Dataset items
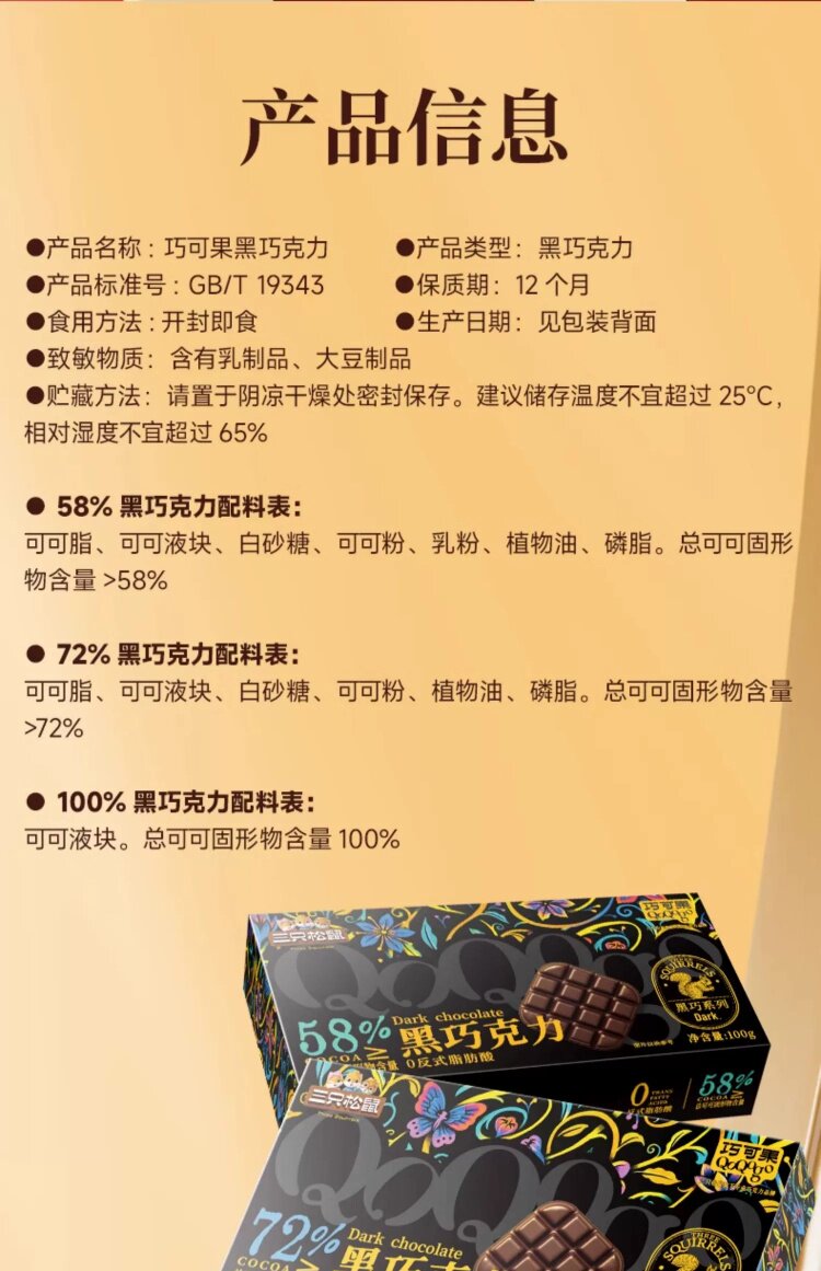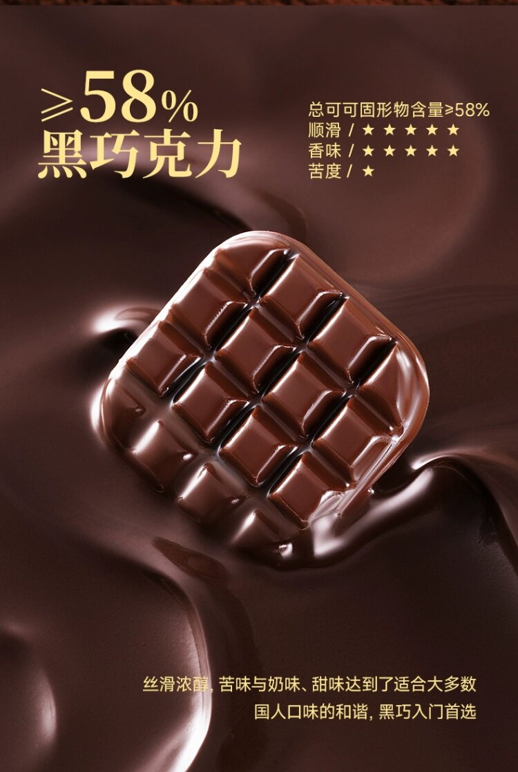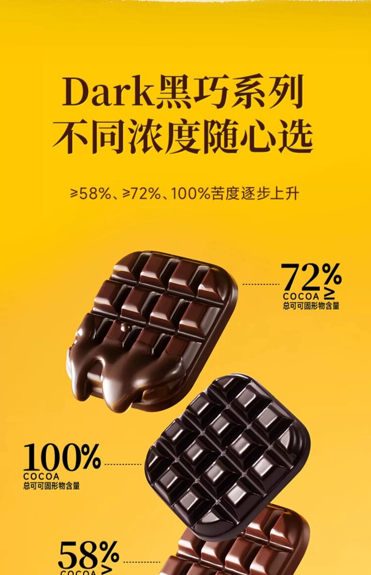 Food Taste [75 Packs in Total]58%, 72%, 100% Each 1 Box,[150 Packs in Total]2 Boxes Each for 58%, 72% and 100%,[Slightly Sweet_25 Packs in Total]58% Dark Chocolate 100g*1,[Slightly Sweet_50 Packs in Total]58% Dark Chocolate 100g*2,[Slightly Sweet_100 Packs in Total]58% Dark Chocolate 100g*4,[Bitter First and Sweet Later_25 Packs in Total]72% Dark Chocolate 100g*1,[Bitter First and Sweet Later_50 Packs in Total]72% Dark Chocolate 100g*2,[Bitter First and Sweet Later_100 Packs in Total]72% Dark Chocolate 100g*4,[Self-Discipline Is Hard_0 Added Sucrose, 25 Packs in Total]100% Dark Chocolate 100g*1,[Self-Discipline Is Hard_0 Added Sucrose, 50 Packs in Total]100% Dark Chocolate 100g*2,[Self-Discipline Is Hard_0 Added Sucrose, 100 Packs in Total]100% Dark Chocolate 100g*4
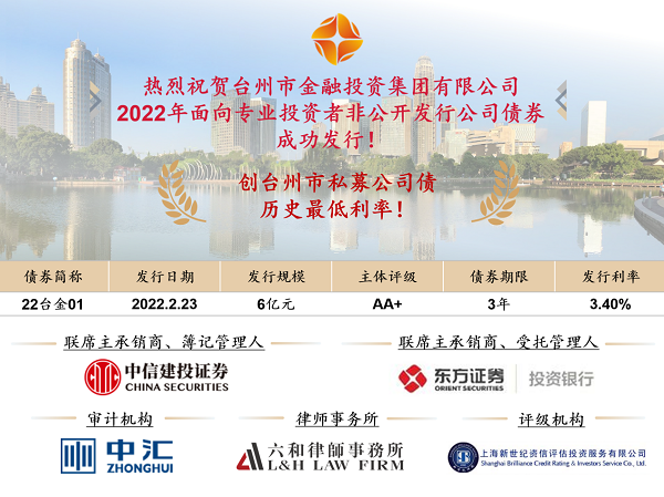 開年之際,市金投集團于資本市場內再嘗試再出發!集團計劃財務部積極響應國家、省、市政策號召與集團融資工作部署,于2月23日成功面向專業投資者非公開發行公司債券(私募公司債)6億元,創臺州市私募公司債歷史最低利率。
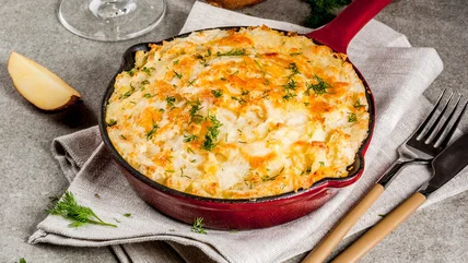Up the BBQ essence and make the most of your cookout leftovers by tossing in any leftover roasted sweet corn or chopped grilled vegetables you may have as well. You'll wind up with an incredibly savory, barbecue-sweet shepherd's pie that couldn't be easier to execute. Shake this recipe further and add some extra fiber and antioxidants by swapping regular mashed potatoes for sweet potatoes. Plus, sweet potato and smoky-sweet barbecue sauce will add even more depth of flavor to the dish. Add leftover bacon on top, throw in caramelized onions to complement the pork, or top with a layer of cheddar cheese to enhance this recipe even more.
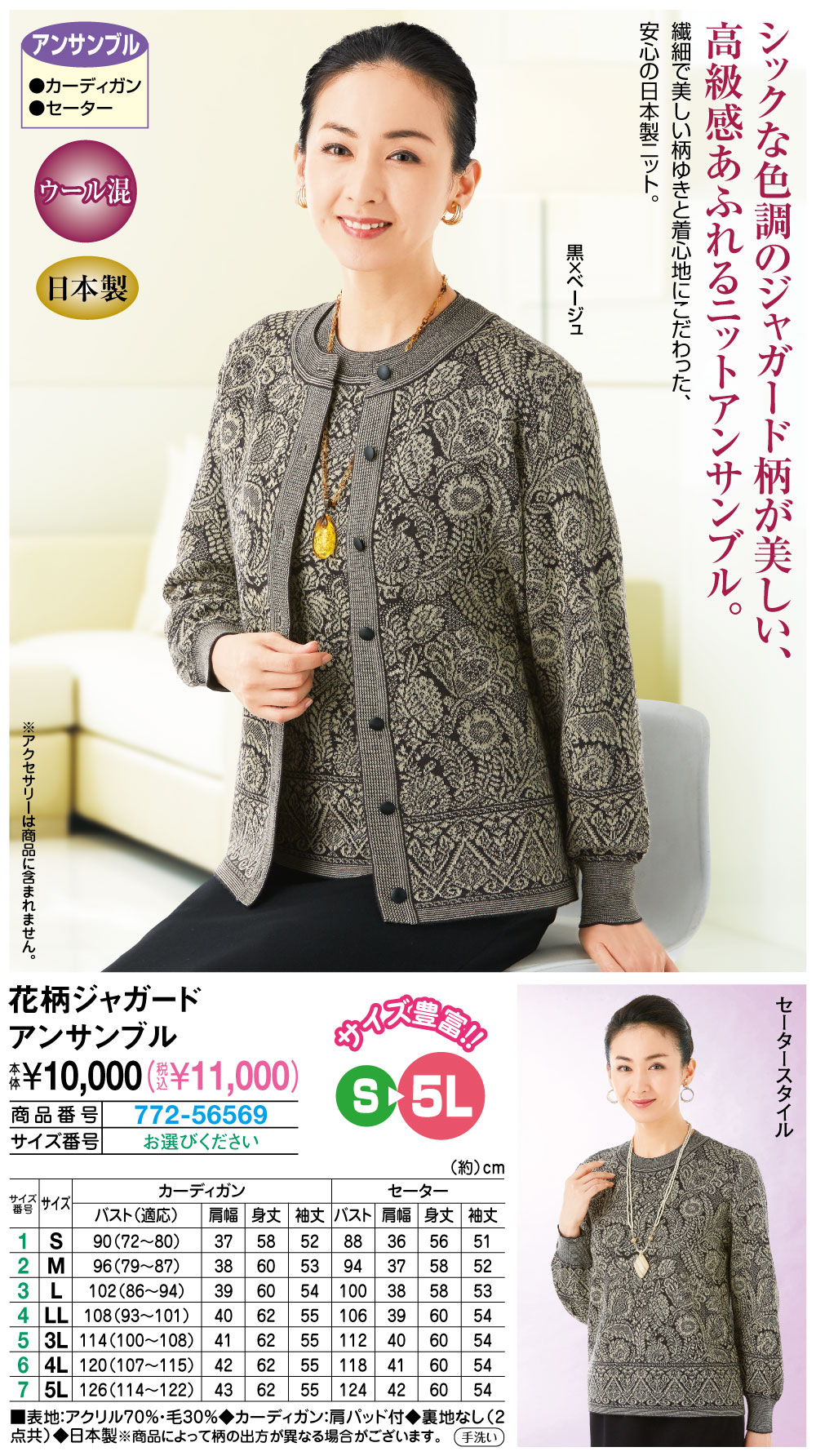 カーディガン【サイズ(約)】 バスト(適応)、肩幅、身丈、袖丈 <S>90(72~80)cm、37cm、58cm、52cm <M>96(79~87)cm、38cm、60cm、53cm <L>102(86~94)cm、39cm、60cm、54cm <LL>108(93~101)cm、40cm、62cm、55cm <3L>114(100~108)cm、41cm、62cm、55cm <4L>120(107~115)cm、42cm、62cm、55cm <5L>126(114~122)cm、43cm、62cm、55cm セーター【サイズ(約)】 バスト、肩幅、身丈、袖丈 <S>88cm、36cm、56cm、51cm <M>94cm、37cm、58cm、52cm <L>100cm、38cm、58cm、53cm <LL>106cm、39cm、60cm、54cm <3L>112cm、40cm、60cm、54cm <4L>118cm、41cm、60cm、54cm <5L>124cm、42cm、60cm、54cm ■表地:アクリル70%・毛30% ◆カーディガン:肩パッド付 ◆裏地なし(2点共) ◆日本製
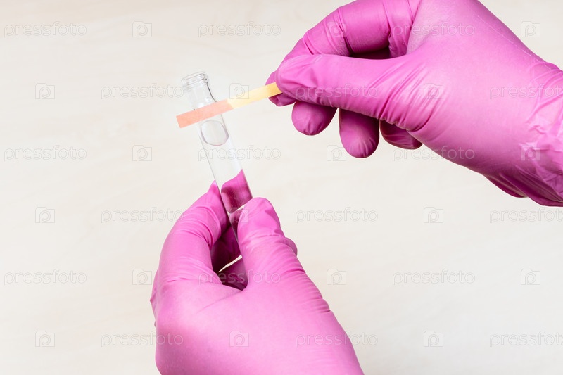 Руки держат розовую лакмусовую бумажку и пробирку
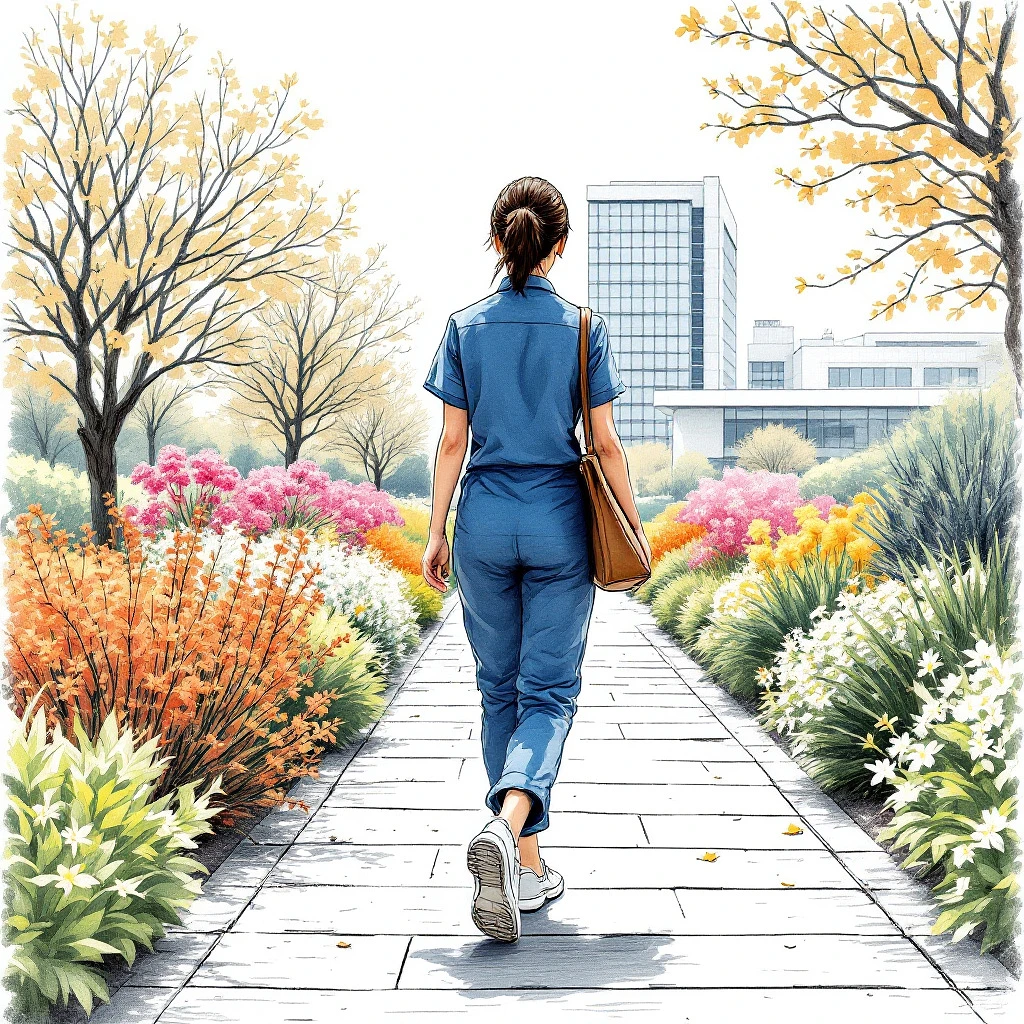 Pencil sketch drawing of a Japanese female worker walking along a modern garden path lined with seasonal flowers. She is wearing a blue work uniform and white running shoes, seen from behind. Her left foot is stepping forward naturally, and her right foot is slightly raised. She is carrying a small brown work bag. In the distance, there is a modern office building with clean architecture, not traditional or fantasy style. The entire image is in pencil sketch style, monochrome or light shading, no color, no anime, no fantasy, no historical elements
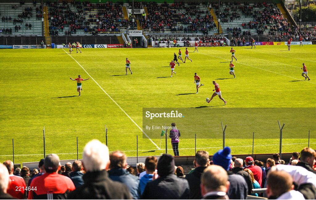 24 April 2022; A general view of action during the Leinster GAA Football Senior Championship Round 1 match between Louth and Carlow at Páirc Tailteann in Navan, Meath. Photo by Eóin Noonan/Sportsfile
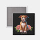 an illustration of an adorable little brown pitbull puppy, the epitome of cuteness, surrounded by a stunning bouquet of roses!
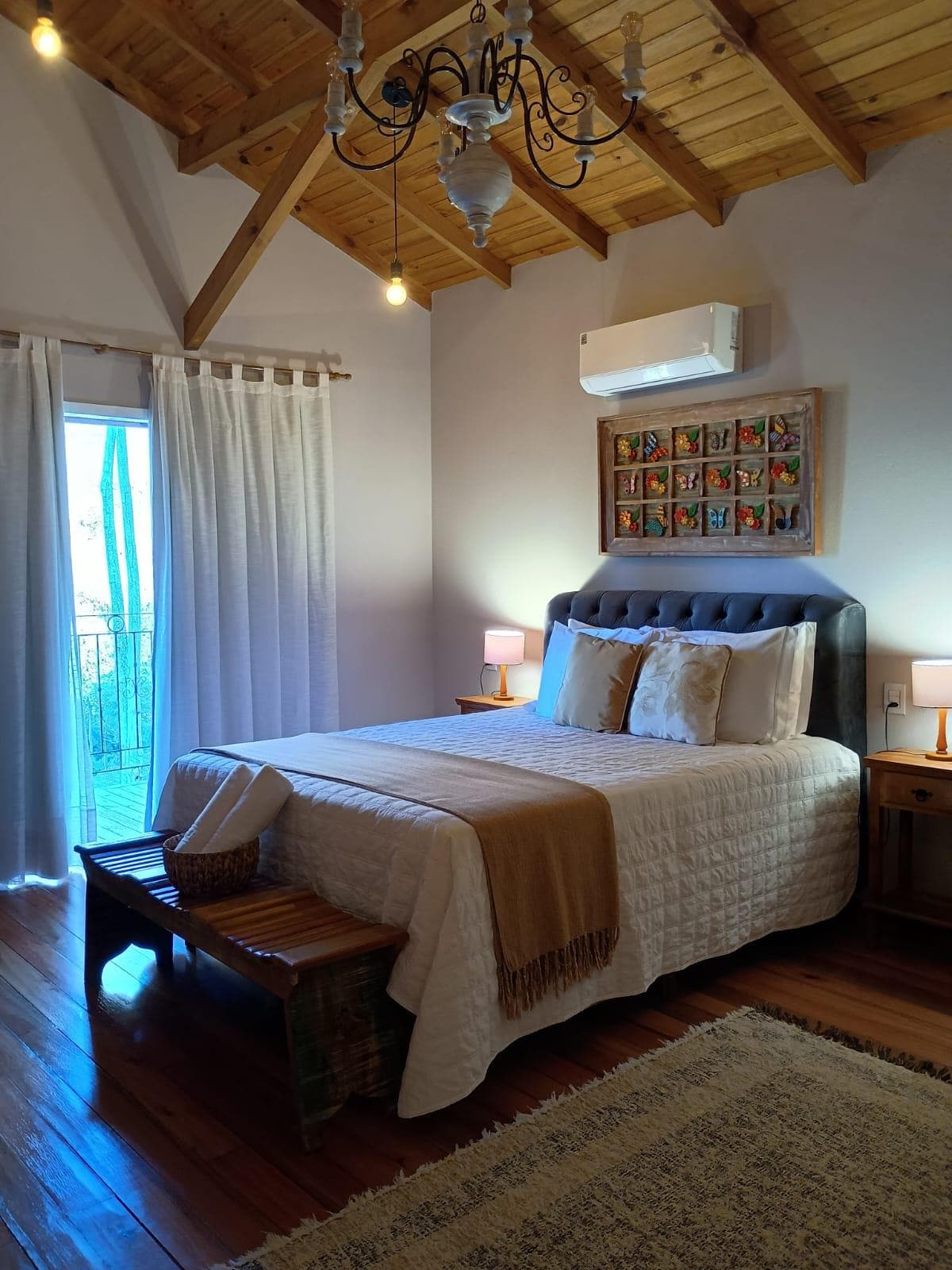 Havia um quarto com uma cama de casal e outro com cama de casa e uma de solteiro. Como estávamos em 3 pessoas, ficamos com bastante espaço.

■ **To do**
With pictures excluded, reproduce exactly the lines above from the one containing "24 April 2022;" down to the one containing "an illustration of", those two included.

■ **Solution for this task**
 24 April 2022; A general view of action during the Leinster GAA Football Senior Championship Round 1 match between Louth and Carlow at Páirc Tailteann in Navan, Meath. Photo by Eóin Noonan/Sportsfile
 an illustration of an adorable little brown pitbull puppy, the epitome of cuteness, surrounded by a stunning bouquet of roses!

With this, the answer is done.